In the fall of 2020, Solovis completed the front-end of the new Risk Analytics application. Fully integrated with Solovis Portfolio Analytics and accessible on-demand, Georgia Tech Foundation could finally move off spreadsheets for good.
“The events in February and March of 2020 ended up pushing the project along quicker. It provided great fact checking for the parameters and proxies we were assigning to different parts of our portfolio. We were going through a live stress scenario that we could use to compare to what we were seeing in the hypothetical scenarios in Solovis Risk Analytics.
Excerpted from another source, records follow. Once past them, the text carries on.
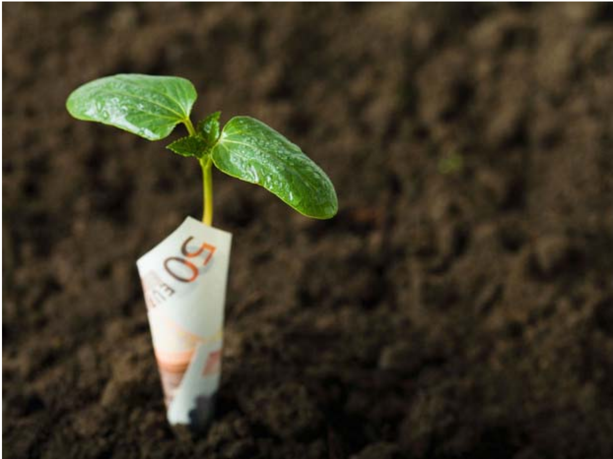
Plante et billet

L'actu : plusieurs organismes bancaires français proposent à leur clients des placements solidaires dans des projets environnementaux, sociaux et culturels. Dans un contexte de crise économique mondiale, cette offre alternative attire de plus en plus les entreprises et les particuliers.
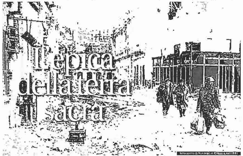
Una scena di Vukovar, in Croazia, nel 1991

LIBRI. Il nuovo romanzo di Michael D. O'Brien, autore del bestseller «Il Nemico», sulle sofferenze della Croazia, da Tito ai nostri giorni
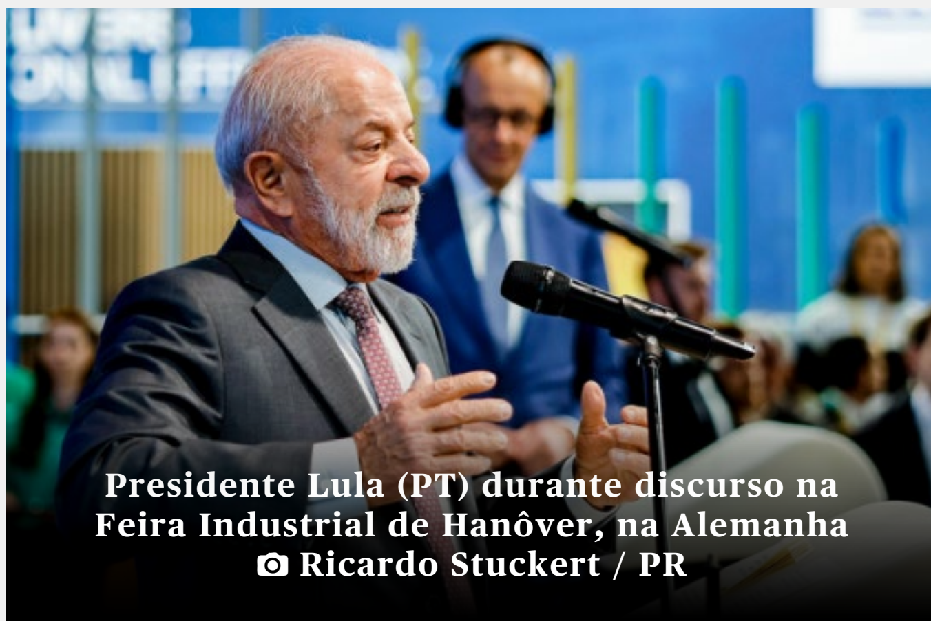
Presidente Lula (PT) durante discurso na Feira Industrial de Hanôver, na Alemanha

N a abertura de uma das maiores feiras industriais do planeta, o presidente Lula destacou a importância de estreitar relações entre Brasil e Europa, com ênfase em energia limpa, inovação tecnológica e neointustrialização. Ele também criticou restrições aos biocombustíveis e buscou posicionar o país como parceiro estratégico na transição energética global. O discurso articula temas como geopolítica, economia, clima e trabalho, evidenciando a estratégia do governo de transformar as agendas ambiental e industrial em ativos políticos, tanto no cenário interno quanto internacional.
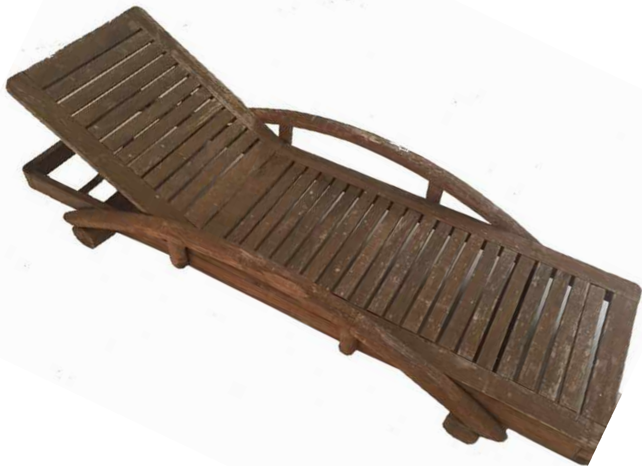
CUATRO TUMBONAS EN TEKA CON MESITA AUXILIAR A JUEGO. TUMBONA: 59 X 72 X 200 CM
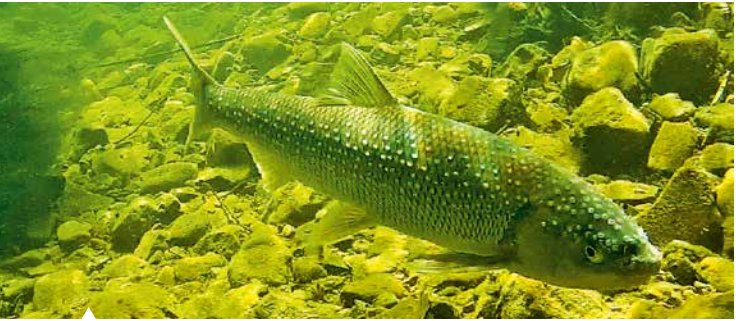
Perlfisch mit körnigem Laichausschlag
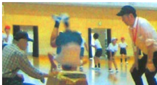
支援活動（体育科）の様子

発足以来、国語科（書写）、図画工作科、家庭科、体育科、生活科、読み聞かせ、クラブ活動、校外学習引率など多岐にわたって様々な学習支援を行っている。その中でも体育科の支援については、市内の他の本部に先駆けて取り組んだ実績があり、安全確保などを目的に倒立や跳び箱などの授業で補助やアドバイスをを行い、児童のチャレンジする気持ちの向上や事故防止の面において、効果的な支援が実施できている。
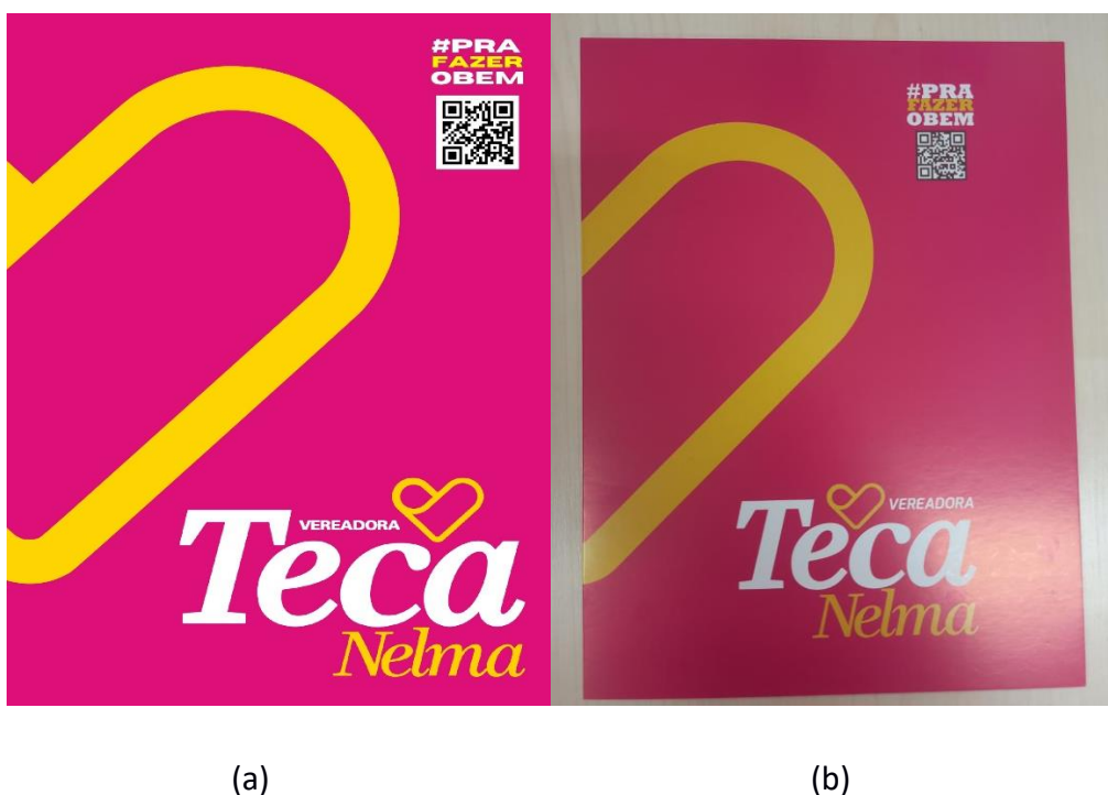
Figura 2: Impressão gráfica de 1000 pasta

A nota fiscal de despesa de impressão gráfica com o CNPJ: 37.216.963/0001-37 e o N° NFS-e: 12, onde foi realizado para a atividade parlamentar a produção de um cartaz sobre “Discriminação por orientação sexual é ilegal”. A Figura 3 é referente a arte para impressão (a) e o material impresso (b).

Calibrating the model to the true output occurring in markets allowed us to ultimately gain confidence in the data going forward.”
Today: Close Collaboration
Today, GTF remains a happy Solovis Risk Analytics client. Every week, GTF uses Solovis Risk Analytics to monitor its risk and portfolio exposures. Weekly conference calls with Solovis’ R&D team (the team that built the Risk Analytics application) are used to stay on top of things from both an investment risk and modeling perspective.
“Like the relationship we have with Solovis on the Portfolio Analytics side, the Risk Analytics team has become an extension of our staff,” said Crist. “Our weekly calls go beyond just updates on the application, but they cover all topics around risk management from best practices, to future implementation considerations and topical current events. Very rarely do you encounter a team as open to conversation and suggestions as the Risk Analytics team at Solovis.”
One thing in particular that Georgia Tech Foundation likes about its partnership with Solovis is that it extends beyond a simple software vendor-client relationship. To GTF, Solovis is more research partner than vendor. And to Solovis, GTF is an ideation partner and sounding board.
For example, during the fall of 2020, when GTF was interested in better understanding its exposure to nonlinear equity volatility, Solovis’ R&D team helped develop several new volatility-specific factors that are currently used to augment GTF’s base risk factor model.